Ways of Helping Your Child Become More Independent

  • Make a list of age-appropriate chores and other tasks for your child. Offer small incentives for them to keep track of what they need to do and get it done on schedule. However, don’t get carried away with rewards or over-emphasizing them; this can teach kids to simply seek rewards rather than tackle things because they should.
  • There should be consequences for not fulfilling responsibilities.
  • Don’t criticize your child for not doing things perfectly. However, offer constructive advice for how they might accomplish things more efficiently or with better results next time.
  • Offer praise when your child independently finishes something. Phrase the praise so that it speaks directly to their initiative, problem-solving skills, or other area of their ability to succeed (as opposed to just telling them how great they are, which can encourage unhealthy praise-seeking).
  • Teach your child to set goals and to think about how they can achieve them.
  • Give your child choices and let them make their own decisions about little things, like what to wear or what to have for lunch (limit the options to those that you’re willing to accept).

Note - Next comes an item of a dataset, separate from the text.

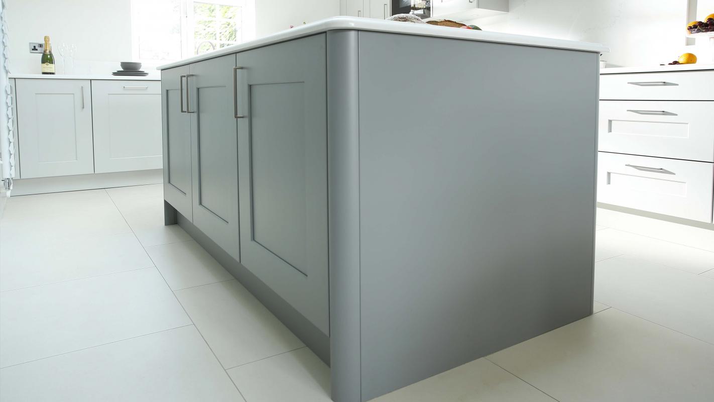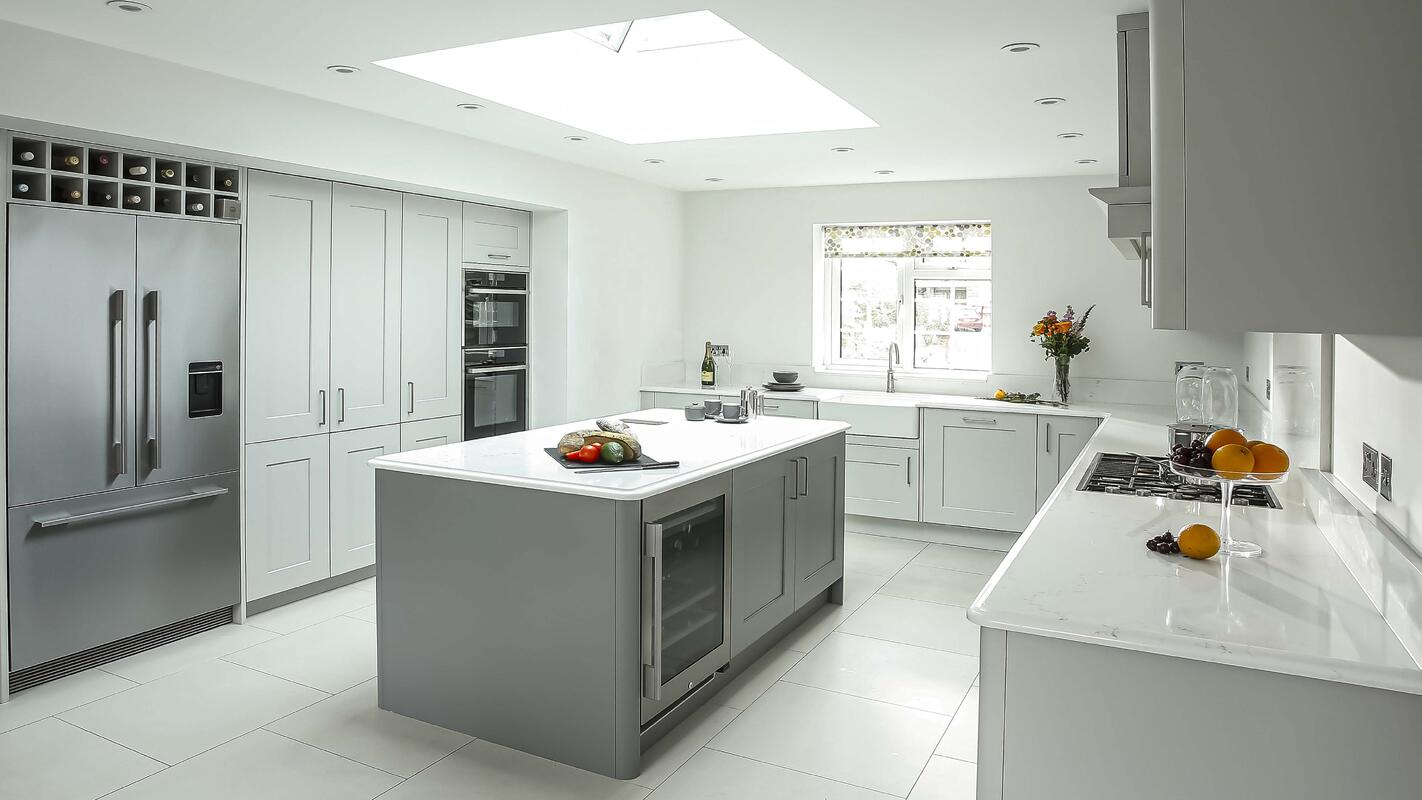 A feature of this Shaker door is the totally smooth finish, the five piece timber door exudes a refined elegance which is enhanced by the choice of a contrasting colour for the statement island in Stepping Stone Grey.

  • Refrain from hovering or micromanaging when your child is attempting to do something. Show them that you respect them and have confidence in them.
  • Provide guidance, but allow your son or daughter the freedom to make their own decisions from the information you offer.
  • Don’t intervene if you see your child making a mistake (assuming there’s no danger or imminent disaster, or course). Let them make mistakes, and afterwards, discuss them and what lessons can be taken from them.
  • Don’t make a big deal out of failure. It happens. Sometimes repeatedly. Just help your child discover a better way.
  • Develop routines with your child to help them understand what’s expected and when things should be done.
  • Negotiate with your child when appropriate so they can learn this important skill, and how to compromise.
  • Be responsive, encouraging, and instructive when your kid shows an interest in learning how to do something.